The rules for using Query Notification have finally settled after evolving through all of the betas and ctps. Here they are copied and pasted directly from the msdn help files:
Applications that use query notification features need to take into account the following special considerations.
Query notifications only support certain Transact-SQL statements.
First, to support notifications, queries must not contain:
The UNION operator.
Outer or self-joins.
The TOP clause.
The DISTINCT keyword.
A COUNT(*) aggregate.
AVG, MAX, MIN, STDEV, STDEVP, VAR, or VARP aggregates.
A SUM function that references a nullable expression.
The full-text predicates CONTAINS or FREETEXT.
A COMPUTE or COMPUTE BY clause.
Aggregate expressions if GROUP BY is not specified in a select list. If GROUP BY is specified, the select list must contain a COUNT_BIG(*) expression, and cannot specify HAVING, CUBE, or ROLLUP.
An INTO clause.
Conditions that will preclude results from changing (e.g.
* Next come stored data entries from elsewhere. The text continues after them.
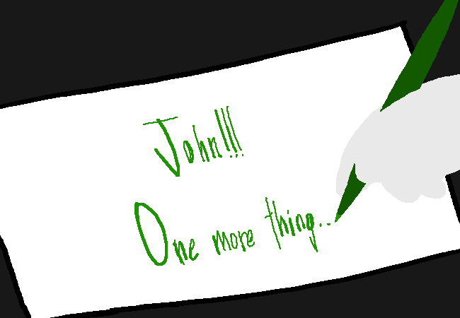 你用最後的幾句友善的詞語完成了你的紙條,並模糊地表示了你的真實身份。你遵循著外星朋友的建議維持住一些祕密,好讓它不會產生時空問題,但保守祕密什麼的真的很難啦。你手癢偷偷地穿插了一個細微的提示說你的祖母其實就是他的朋友Jade。嘻嘻。你幻想著如果John對事情有你的一半敏銳,他就一定會看得出來。這沒關係的,就只是個你和他之間的小祕密,那位假裝英國人的外星人不會知道這些。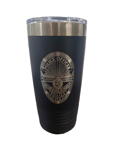 Miami Dade Schools Police Department Badge Laser Engraved onto cup Description: 20 oz. Stainless Steel Polar Camel Tumblers features double-wall vacuum insulation with a clear lid. The mug has a...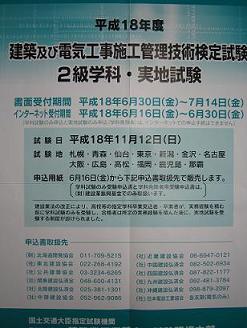 11月12日(日)に「2級建築施工管理技術検定試験」があります。在学中に「学科試験のみ」受験することが可能です。ただ今、学内にて願書受付中です。夏休み明けから、資格対策の授業や放課後ゼミが始まります。合格を目指して、頑張りましょう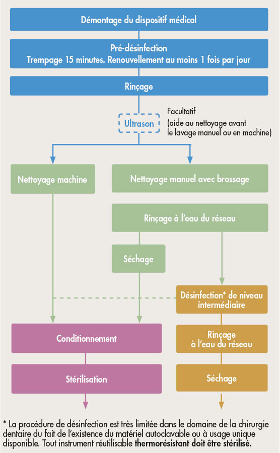 La fréquence de renouvellement des solutions est différente selon les produits utilisés : elle est généralement quotidienne et dès que le bain est sale (aspect trouble). Elle dépend de la quantité de DM immergés et de leur charge protéinique. Les bains sales sont ceux qui ont perdu leur efficacité et peuvent même de devenir contaminants [4].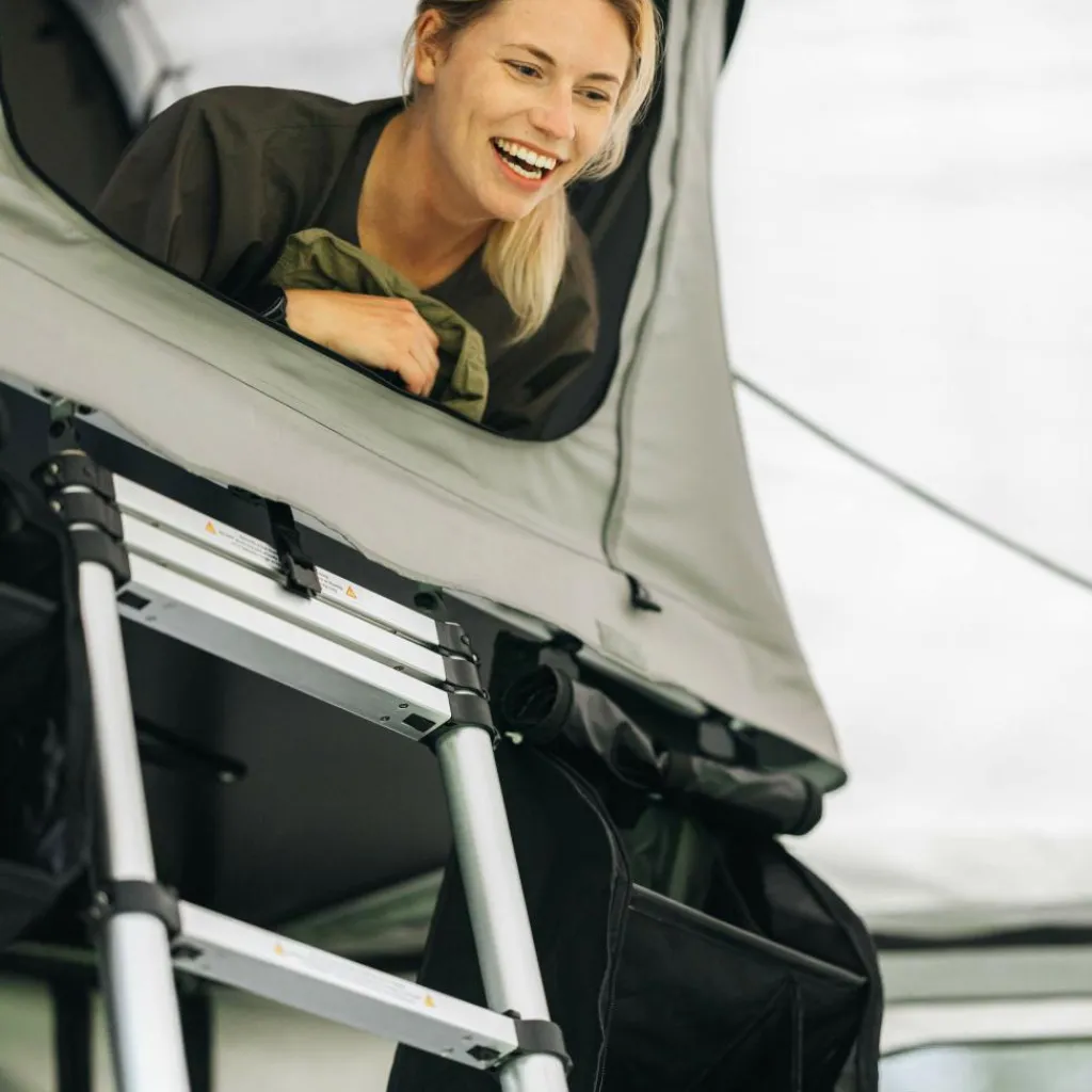 Am Ziel angekommen ist das Dachzelt in wenigen Minuten aufgeklappt und fertig aufgebaut. So kannst du direkt entspannen, das Zelt lüften oder dich nach einem langen Tag auf Wanderungen oder der Straße ins Bett zurückziehen.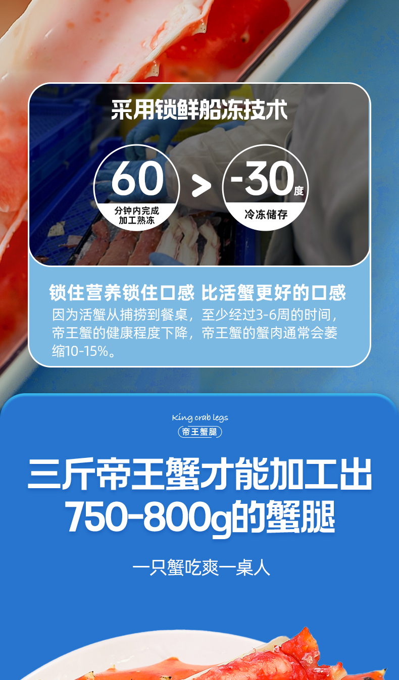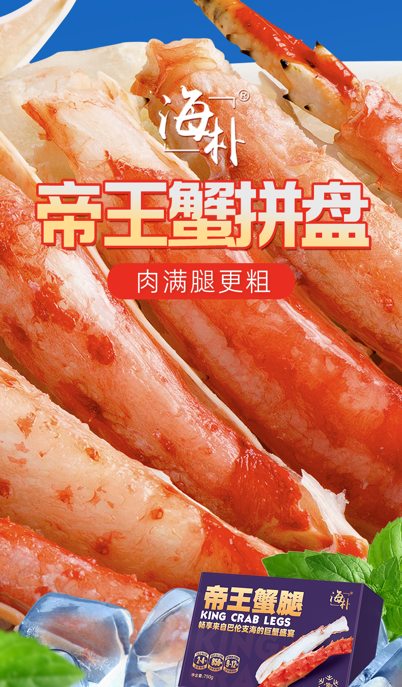 【2.5-2.17停发】【海朴】 帝王蟹腿750g*1盒熟冻即食深海海鲜蟹肉DB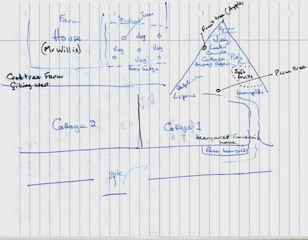 Without knowledge of mortar the walls were once embedded by hand, stone upon stone in a manner so secure that the tradition of dry-stone walling still continues as a method for keeping livestock enclosed and sheltered. Without the walls few plants can grow in the soughering wind; fruit trees and brambles are scarce in many parts of the dale, few of our interviewees can remember them growing around their moorland homes.

WHERE 1=0).
FOR BROWSE (or be running with SET NO_BROWSETABLE ON).
A READPAST locking hint.
Second, queries must not reference:
Temporal tables or table variables.
Tables or views from other databases or servers.
Any other views or table-valued functions.
Any system tables or views.
Any nondeterministic function, including ranking and windowing functions.
Any server global variables.
Any Service Broker queue.
Finally, queries must reference a base table or view.
An application that uses Query Notifications must take into consideration cases where a notification occurs immediately. When data is changed on the server, a notification message will be sent to the appropriate Service Broker queue. Applications need to reregister to receive additional notifications. Therefore, if a data set is updated quickly by multiple applications, an application could receive a notification, retrieve the data, and then get another update notification almost immediately after the cache has been refreshed. Applications that use Query Notifications must be written to take this case into account. If an application uses data that is constantly updated, another strategy for caching data may be more appropriate.
If multiple modifications are made to a set of data with a registered notification request, and those changes occur within a transaction, only a single notification event will be sent.
Service Account for SQL Server
An application will not receive notifications from an instance of SQL Server that uses the Local System account as the service account.